Much of the coverage of the 2018 midterms focused on how well Democrats performed in suburban areas of blue states or swing states: the suburbs of Philadelphia, Chicago, Detroit, Denver, and Boston — or Orange County, California, which was once a GOP stronghold but now has a Democratic majority.

But in a report for the Washington Post, Robert Costa focuses on another source of Republican anxiety: suburban areas in red states.

The fact that a state generally leans Republican doesn’t necessarily mean that it doesn’t have large urban centers that are more Democratic. In Texas, for example, major cities like Houston, Austin and El Paso lean Democratic — an abundance of rural counties are what have given the GOP an advantage in the Lone Star State. Similarly, Atlanta is heavily Democratic even though Georgia’s rural counties are heavily Republican.

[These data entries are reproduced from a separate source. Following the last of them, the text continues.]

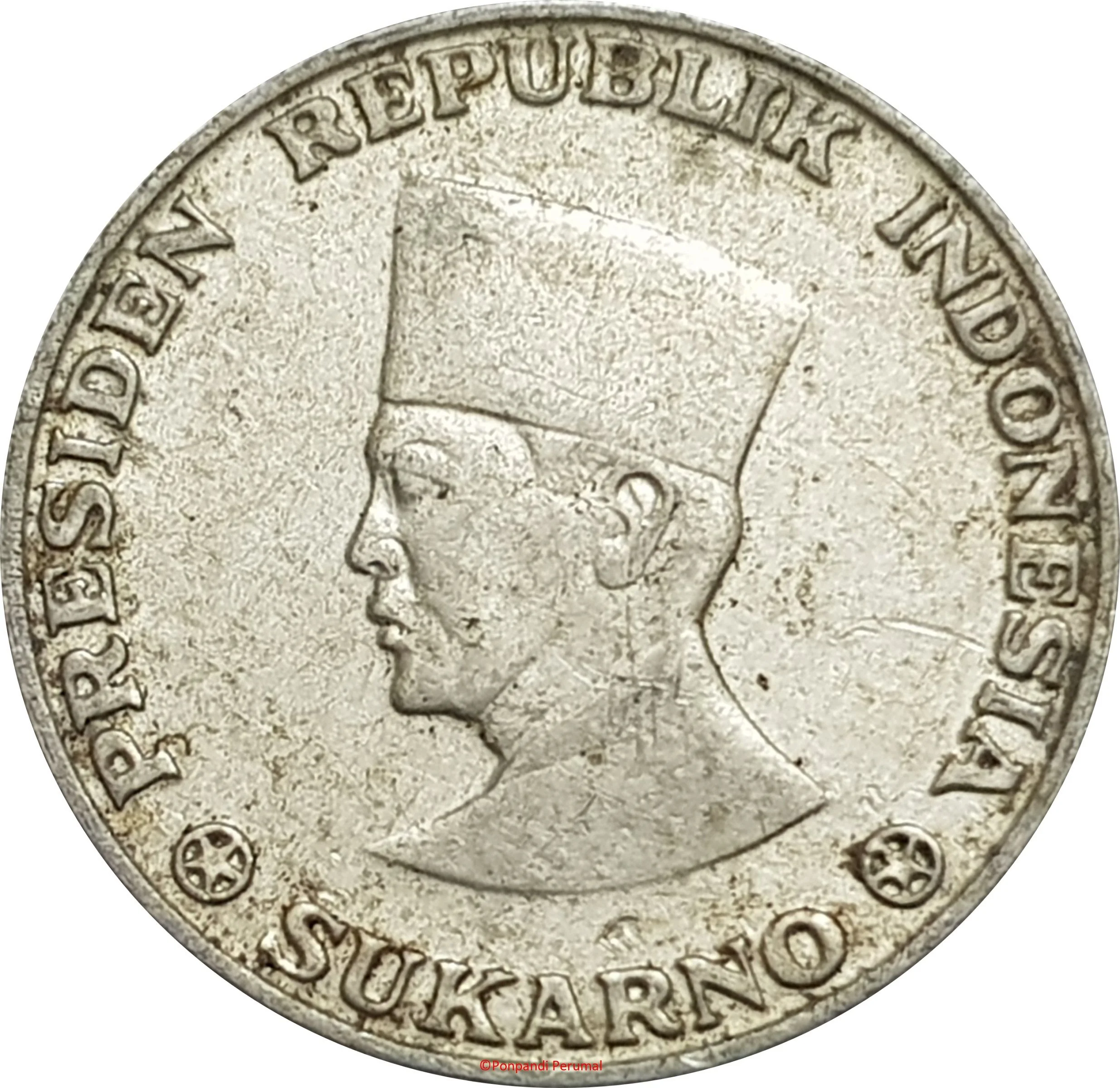 Sukarno's head facing left, encircled by legend.
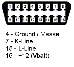 between +12 and the pin where the K-line is on newer models. So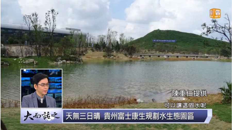 整個園區裡面有做一個很大的生態池,可以讓水直接到生態池淨化;雨水也可以留在生態池裡面不要出去,這是一個比較生態方法。廢水、汙水沒有排放,自己淨化,水再利用,拿來澆花、沖馬桶。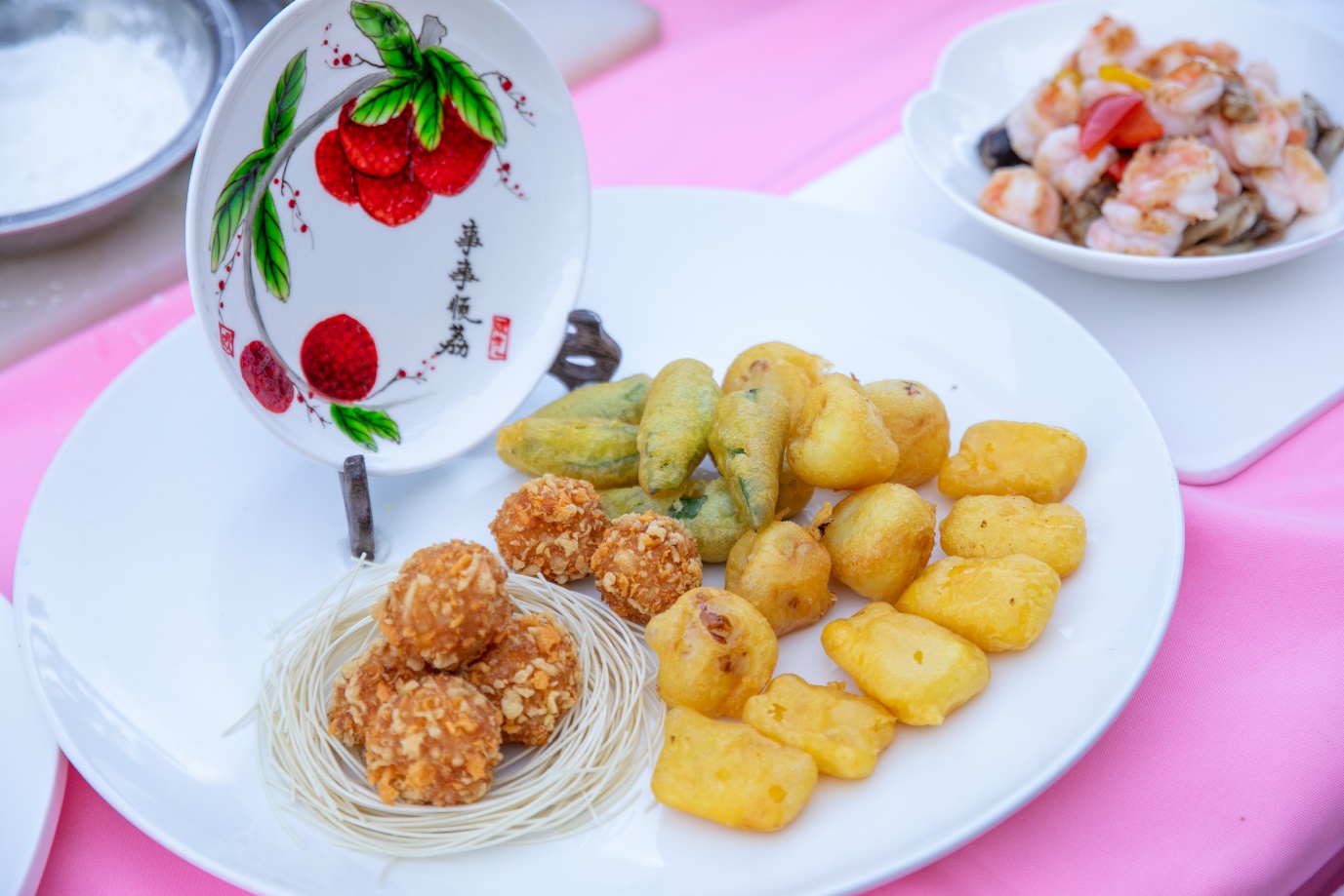 当日下午17时,伴随着欢快的竹竿敲击声,身着黎族传统服饰的舞者们翩翩起舞,吸引了众多市民游客的目光。在热烈的掌声中,观澜湖度假区代表携特邀主厨与嘉宾共同为美食月启幕。主厨们以火山荔枝为灵感,现场创作了天妇罗果蔬熔岩荔枝球、焦香红松茸炒虾球等菜品,让在场的嘉宾及游客领略到了海口独特的美食风情。“这道荔枝球口感太惊艳了,外酥里嫩层次丰富,在泡温泉之余还能邂逅这样的美食盛宴,真是太惊喜了。”来自山西的游客李女士一边品尝一边赞叹道。
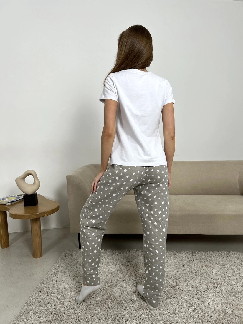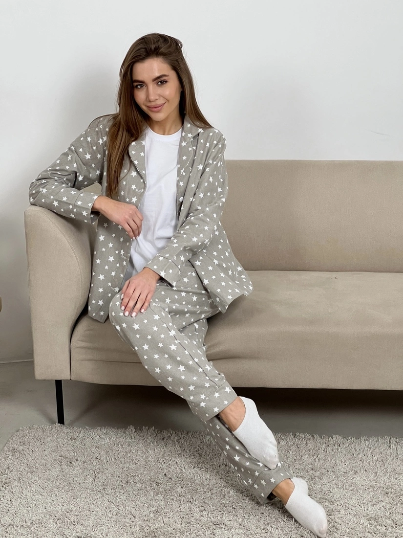 Жіноча піжама домашній костюм 3-ка з білими зірочками COSY (штани+сорочка+футболка) бєжева

A blue city, however, can have red suburbs, and according to Costa, the worry of GOP strategists is that those red suburbs will turn blue — especially if President Donald Trump says and does things to alienate suburban voters.

Scott W. Reed, senior political strategist for the U.S. Chamber of Commerce, told the Post that in the GOP, there is “so much angst” over some GOP congressmen in Texas deciding not to seek reelection in 2020 and “so much hope that President Trump would just talk about the economy for three days straight” — that is, as opposed to what Costa describes as “Twitter outbursts.” And Reed fears that Democrats could regain the U.S. Senate next year if Republicans don’t make an “aggressive effort” to win votes in suburbia.

In Georgia, Costa reports, Republicans view Democrat Stacey Abrams’ 2018 gubernatorial campaign as a troubling sign. Abrams narrowly lost the election to Republican Gov. Brian Kemp, but she performed well in the Atlanta suburbs. A heavy white rural turnout helped Kemp fight his way past the finish line in that competitive statewide race.

Another troubling sign for Republicans in Georgia: Democratic Rep. Lucy McBath’s 2018 victory over Republican Karen Handel in a congressional district that former House Speaker Newt Gingrich once represented. McBath, Costa notes, is an African-American woman and “gun-control advocate” who achieved victory last year in Atlanta’s northern suburbs “by building a diverse coalition that drew support from college-educated white Republicans who have drifted away from Trump.” In other words, Trumpism didn’t defeat McBath in a district that once voted for Gingrich — it got a Democrat elected to Congress.

Costa’s article drives home the point that Republican strategists and organizers are not only worried about the suburbs of northern cities — they are also worried about the suburbs of Dallas, Houston, and Atlanta. And if Democrats continue making inroads in those suburbs, it could be bad news for Republicans on Election Day 2020.